All-cause and cause-specific mortality in systemic lupus erythematosus: a population-based study

Affiliations

All-cause and cause-specific mortality in systemic lupus erythematosus: a population-based study

Bahar Moghaddam et al. Rheumatology (Oxford). .

Abstract

Objective: To investigate all-cause and cause-specific mortality in SLE patients between two time periods, 1997-2005 and 2006-14.

Methods: We used an administrative health database from the province of British Columbia, Canada to match all incident SLE patients to 10 non-SLE individuals on sex, age and index date. Cohorts were divided into two subgroups, according to diagnosis year: early cohort 1997-2005 and late cohort 2006-14. The outcome was death [all-cause, renal disease, cancer, infection, cardiovascular disease (CVD) and other]. Hazard ratios (HR) and 95% CIs were estimated using univariate and multivariable Cox models.

Results: Among 6092 SLE patients and 60 920 non-SLE individuals, there were 451 and 1910 deaths, respectively.
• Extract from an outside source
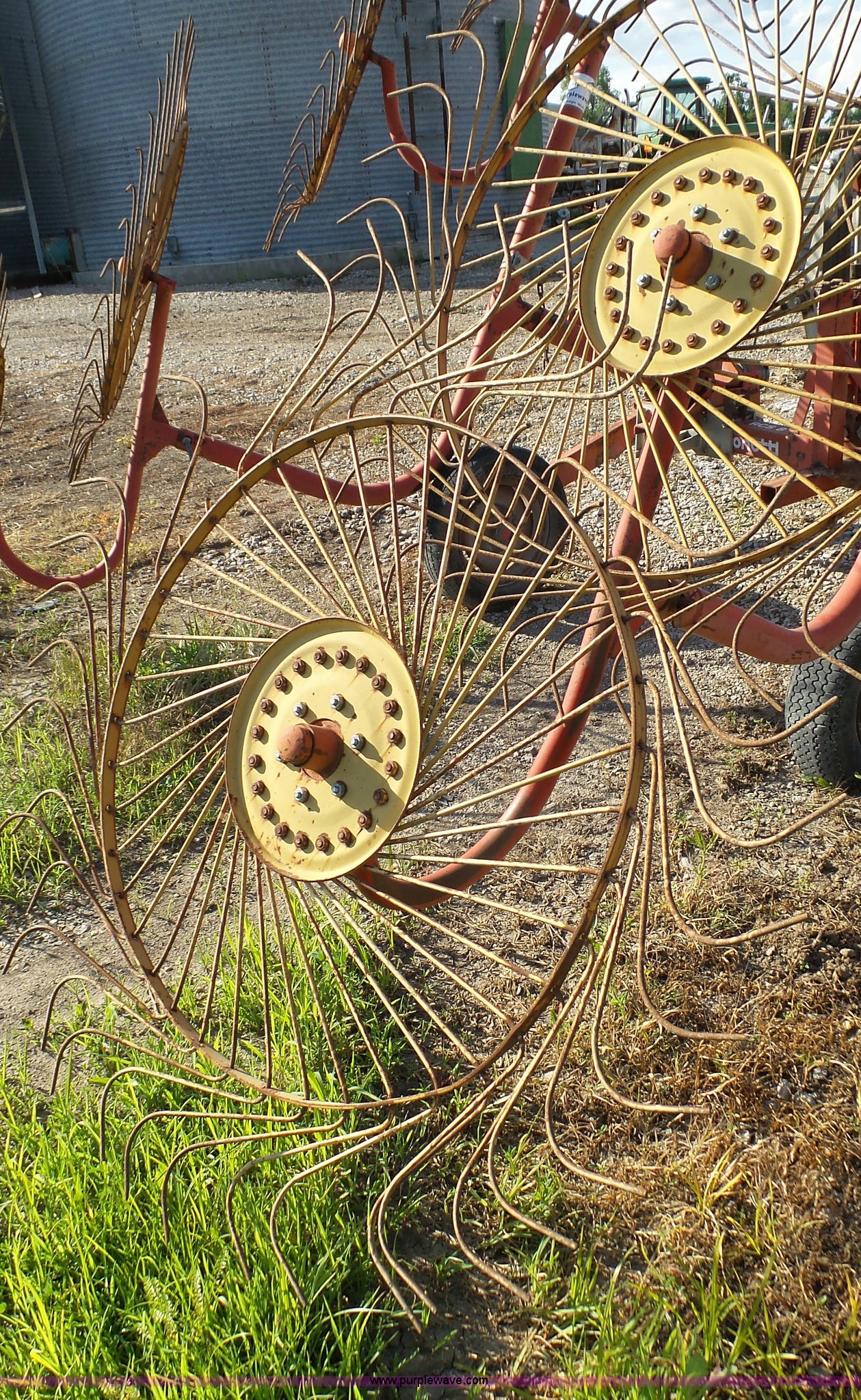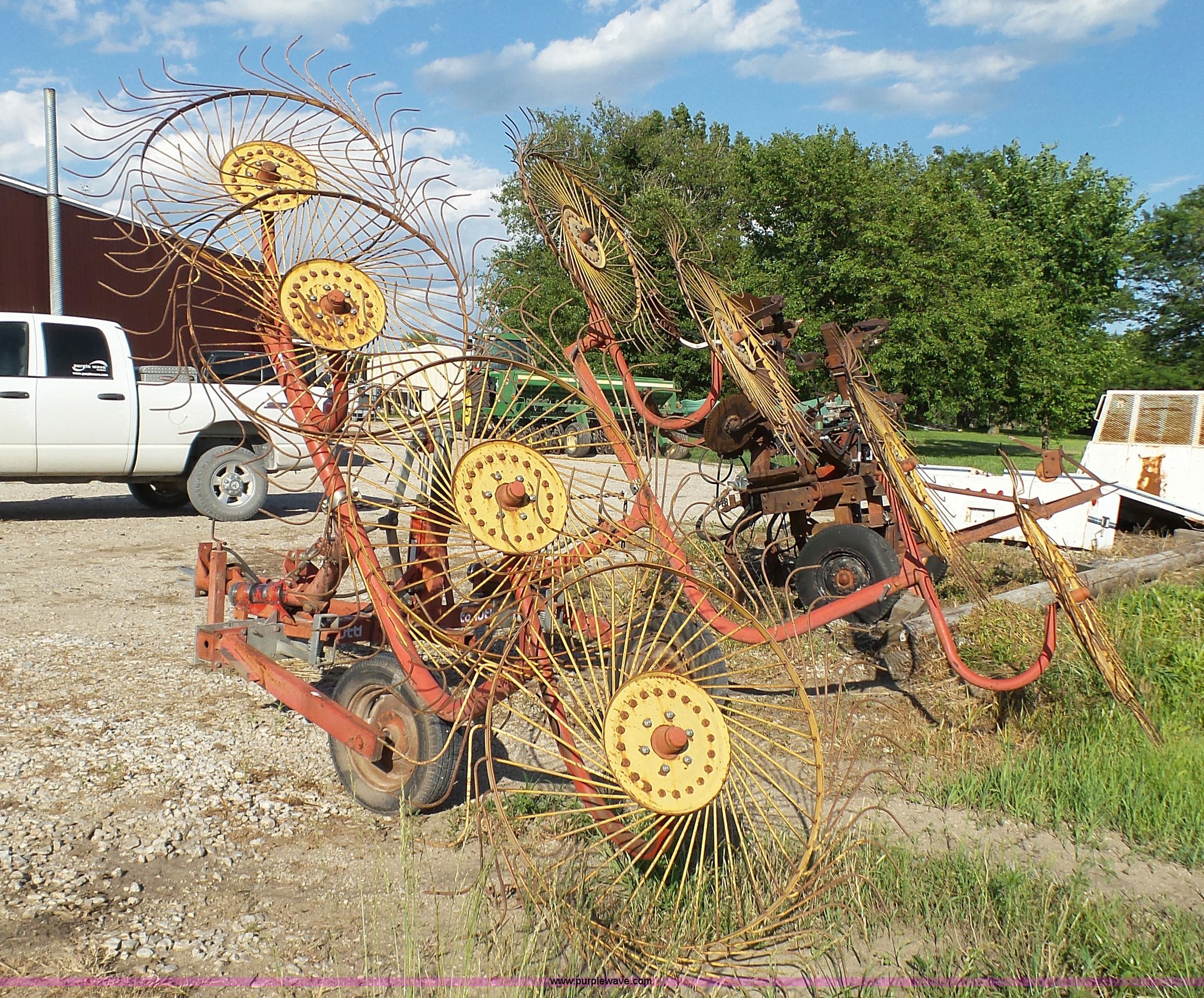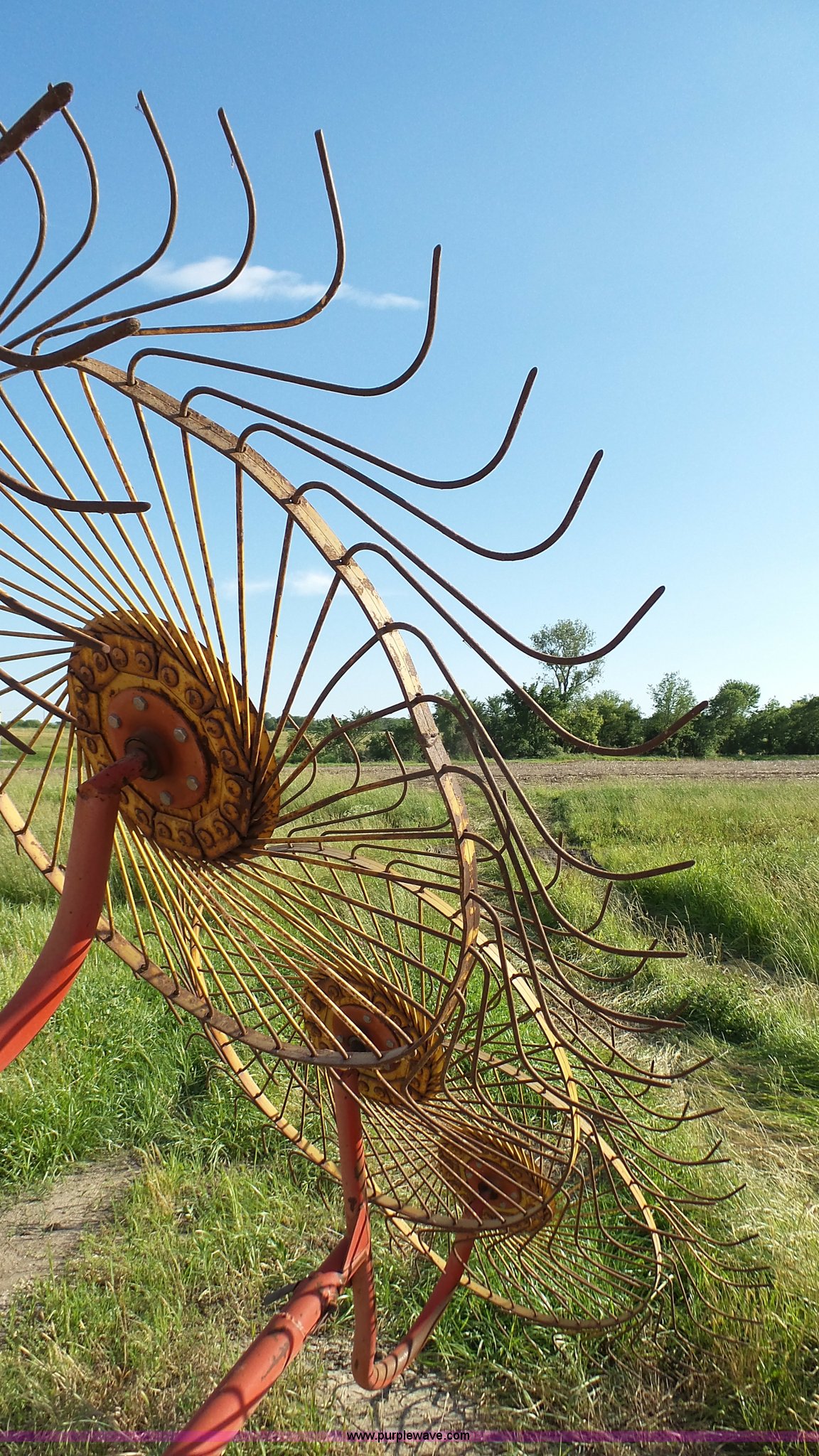 Purple Wave is selling a used Hay Rake in Kansas. This item is a Tonutti RCS8 hay rake with the following: (8) wheels, Hydraulic fold, Pin hitch, 175/65R14 tires, Additional fingers included, Serial 633502

The fully adjusted all-cause mortality HR (95% CI) in the overall SLE cohort was 1.85 (1.66, 2.06), with no statistically significant improvement between early and late cohorts [1.95 (1.69, 2.26) vs 1.74 (1.49, 2.04)]. There was excess mortality from renal disease [3.04 (2.29, 4.05)], infections [2.74 (2.19, 3.43)] and CVD [2.05 (1.77, 2.38)], but not cancer [1.18 (0.96, 1.46)], in the overall SLE cohort. There was no statistically significant improvement in cause-specific mortality between early and late cohorts for renal disease [3.57 (2.37, 5.36) vs 2.65 (1.78, 3.93)], infection [2.94 (2.17, 3.98) vs 2.54 (1.84, 3.51)] and CVD [1.95 (1.60, 2.38) vs 2.18 (1.76, 2.71)]. There was no increase in cancer-related mortality in either cohort [1.27 (0.96, 1.69) vs 1.10 (0.82, 1.48)].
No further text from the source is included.